Having already explained the basics regarding TSA’s shot location data (and how these principles can be used to make players score more goals), we will now take you one step further to understanding the details in our daily work with professional football players.
In this blog post we will explain the holy grail of shot location data in TSA. More accurate, we will explain how we calculate a player’s effectiveness in finishing in the box. We use a number, which we have named OP-X.
Before this, another term is crucial to understand. That is the term Goal Box Area. The Goal Box Area is marked with red on “The Pitch” below. Generally seen, 70 % of all goals get scored from The Goal Box Area in open play(see the blog post Shot Location Part 1 & Part 2, for the data that confirms this).
We calculate how many shots a player in average uses to score a goal in open play from The Goal Box Area. That is OP-X.OP-X is short for “Open Play in Goal Box”.
Open play is (with a few exceptions) defined as being more than 20 seconds after the latest set-piece-situation executed by the attacking team.
Why? It makes little sense to measure the overall shots per goal for a player, which is the general tendency in for example the sports media. It makes more sense to measure shots per goal (in open play) in the very area, where most goals actually get scored.

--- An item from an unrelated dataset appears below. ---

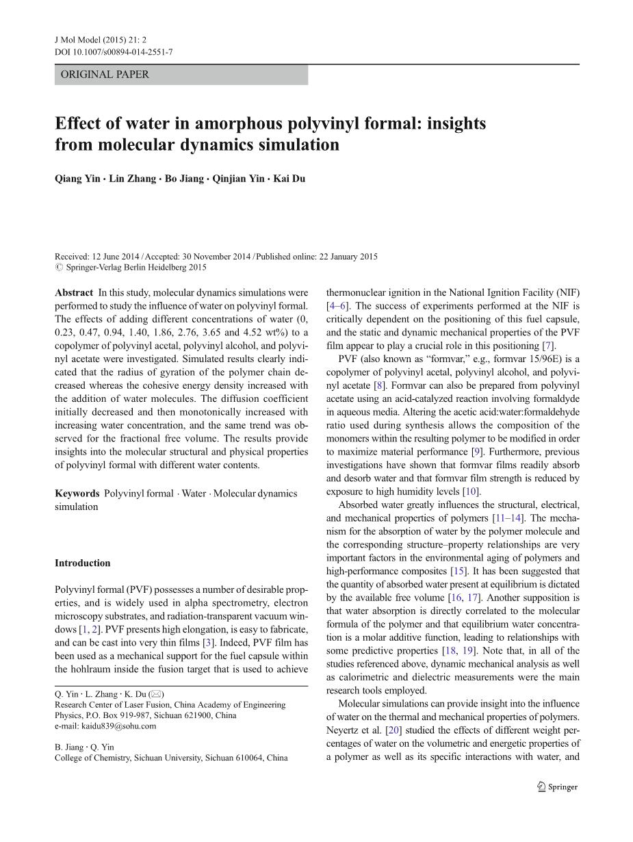 摘要在这项研究中,进行分子动力学模拟研究水对聚乙烯醇缩甲醛的影响。研究了添加不同浓度的水(0,0.23,0.47,0.94,1.40,1.86,2.76,3.65和4.52wt%)对聚乙烯醇缩醛,聚乙烯醇和聚乙酸乙烯酯的共聚物的影响。模拟结果清楚地表明,聚合物链的回转半径减小,而内聚能密度随着水分子的加入而增加。扩散系数最初降低,然后随着水浓度的增加而单调增加,对于自由体积分数观察到相同的趋势。结果提供了具有不同水含量的聚乙烯醇缩甲醛的分子结构和物理性质的见解。
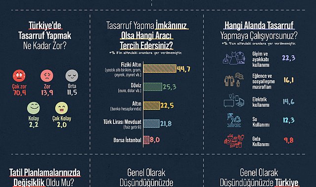 - Areda Piar araştırma şirketinin Türkiye genelinde bin 534 kişinin katılımıyla gerçekleştirdiği araştırmaya göre, Türk halkının yüzde 73,1'i para biriktiremiyor ve yüzde 70,4'üne göre Türkiye'de tasarruf yapmak çok zor. Para biriktiremediğini belirtenlerin yüzde 49,8'i tasarruf edecek gelirinin olmadığını söyledi. Tasarruf yapma imkânı olsa yüzde 44,7'si fiziki altın (yastık altı birikim, altın, ziynet) ile yatırım yapmayı tercih edeceğini belirtti. En çok giyim, ayakkabı, eğlence ve sosyalleşme masraflarından kısılıyor. Yüzde 50,7'si tatile artık gitmediğini ifade ederken yüzde 31,7'si ise tatil için artık daha uygun yerleri tercih ediyor. Katılımcıların yüzde 46,5'i kişisel mali durumunun kötü olduğunu ifade ederken yüzde 53,3'ü ise Türkiye'nin mevcut ekonomik durumuna kötümser bakıyor.Araştırmaya göre, Türk halkının yüzde 26,9'u para biriktirme hususunda bir sorun yaşamadığını ifade ederken yüzde 73,1'i para biriktiremiyor. Para biriktiremediğini ifade eden katılımcıların ise yüzde 49,8'i tasarruf edecek bir gelirinin olmadığını belirtti. Yüzde 23,3'ü aylık harcamasının yüksek olduğunu, yüzde 12,6'sı borçlarının olduğunu, yüzde 5,5'i beklenmedik masraflardan dolayı para biriktiremediğini belirtti. Ayrıca yüzde 5'i para biriktirme konusunda planlamaya sahip olmadığını, yüzde 1,4'ü alışveriş bağımlısı olduğunu ve yüzde 0,2'sinin birikim amacı olmadığı için para biriktiremediği anlaşıldı.EN ÇOK TERCİH EDİLEN TASARRUF ARACI: YASTIK ALTI BİRİKİM, DÖVİZ VE ALTINAraştırmada yer alan katılımcıların yüzde 70,4'ü Türkiye'de tasarruf yapmanın çok zor olduğunu ve yüzde 13,9'u zor olduğunu ifade etti. Yüzde 11,5'i orta düzeyde olduğunu belirtirken yüzde 2,2'si kolay ve yüzde 2'si çok kolay olduğunu söyledi.Katılımcılara, 'Tasarruf imkânınız olsa hangi aracı tercih edersiniz?' sorusu yöneltiliyor ve yüzde 47,7'si fiziki altın (yastık altı birikim, gram, çeyrek ziynet vs.) biriktirebileceğini belirtti. Yüzde 25,3'ü döviz (Euro, dolar vs.), yüzde 22,5'i altın, yüzde 21,8'i Türk lirası mevduat (Faiz geliri), yüzde 8'i Borsa İstanbul, yüzde 6,6'sı katılım hesapları (Faizsiz birikim hesapları), yüzde 4,5'i döviz mevduat (Faiz geliri), yüzde 3,7'si bireysel emeklilik hesapları, yüzde 1,8'i kripto para piyasasını tercih edeceğini dile getirdi.EN ÇOK GİYİM, AYAKKABI, EĞLENCE VE SOSYALLEŞME MASRAFLARINDAN KISILIYORAraştırmada katılımcılara en çok hangi alanlarda tasarruf yaptıkları da soruldu. Araştırmaya katılanların yüzde 22,3'ü giyim ve ayakkabıdan, yüzde 16,1'i eğlence ve sosyalleşme masraflarından kısarak tasarruf yaptığını belirtti. Yüzde 14,6'sı elektrik kullanımı, yüzde 12,3'ü su kullanımı, yüzde 9,8'i gıdadan ve yüzde 8,8'i her alanda tasarruf yaptığını söyledi. Ayrıca yüzde 3,8'i hediye ve bahşiş masraflarında, yüzde 2,8'i doğalgaz kullanımında, yüzde 2,3'ü kişisel bakım masraflarında, yüzde 1,8'i konut masraflarında ve yüzde 0,7'si sigorta masraflarında tasarrufa gidiyor.HALKIN YARISI TATİLE GİTMİYOR, GİDENLER DE BÜTÇEDE TASARRUFA GİDİYORPara biriktirmenin de tasarruf yapmanın da zor olduğu anlaşılan bu araştırmada katılımcılara tatil alışkanlıklarındaki değişkenlik de soruluyor. Katılımcıların yüzde 50,7'si artık tatile gitmediğini ifade etti. Bununla birlikte yüzde 31,7'si bütçesi daha uygun yerleri tercih ettiğini belirtirken yüzde 11,1'i tatil planlamasında herhangi bir değişim yaşamadığını söyledi. Tatil süresini daha kısa tutarak tasarruf ettiğini belirtenlerde toplumun yüzde 6,5'ini oluşturdu.Araştırmaya göre halkın yüzde 46,5'i kişisel mali durumunun kötü olduğunu ifade etti. Ne iyi ne kötü diyenlerin oranı ise yüzde 42,2. Kişisel mali durumu iyi olanların oranı yüzde 11,3 olarak belirlendi.Katılımcıların yüzde 53,3'üne göre Türkiye'nin mevcut ekonomik durumu, tıpkı kişisel mali durumu gibi kötü. Ne iyi ne kötü diyenlerin oranı yüzde 15,8 iken ülkenin ekonomisiyle ilgili iyimser olanların oranı yüzde 30,9 olarak araştırmaya yansıdı.ARAŞTIRMANIN METODOLOJİSİTürkiye genelinde bin 534 kişinin katıldığı 29 Nisan - 02 Mayıs tarihleri arasında yapılan araştırma, kantitatif araştırma yöntemlerinden CAWI tekniği ile 'Areda Piar'in Profil Bazlı Dijital Paneli' kullanılarak gerçekleştirildi.

Furthermore, it is an advantage to use OP-X when working with a player on a daily basis. If a player aims to lower his OP-X, he will automatically try to take shots from The Goal Box Area, where most goals scored.
Summarizing, OP-X is a number, which indicates how many shots a specific player in average uses score a goal in open play from The Goal Box Area. Therefore, the lower OP-X, the better.
Robert Lewandowski, who recently was honored with the title as the best player in world, has 3,0 in OP-X. But the next generation is coming. Ansu Fati’s OP-X is 2,3.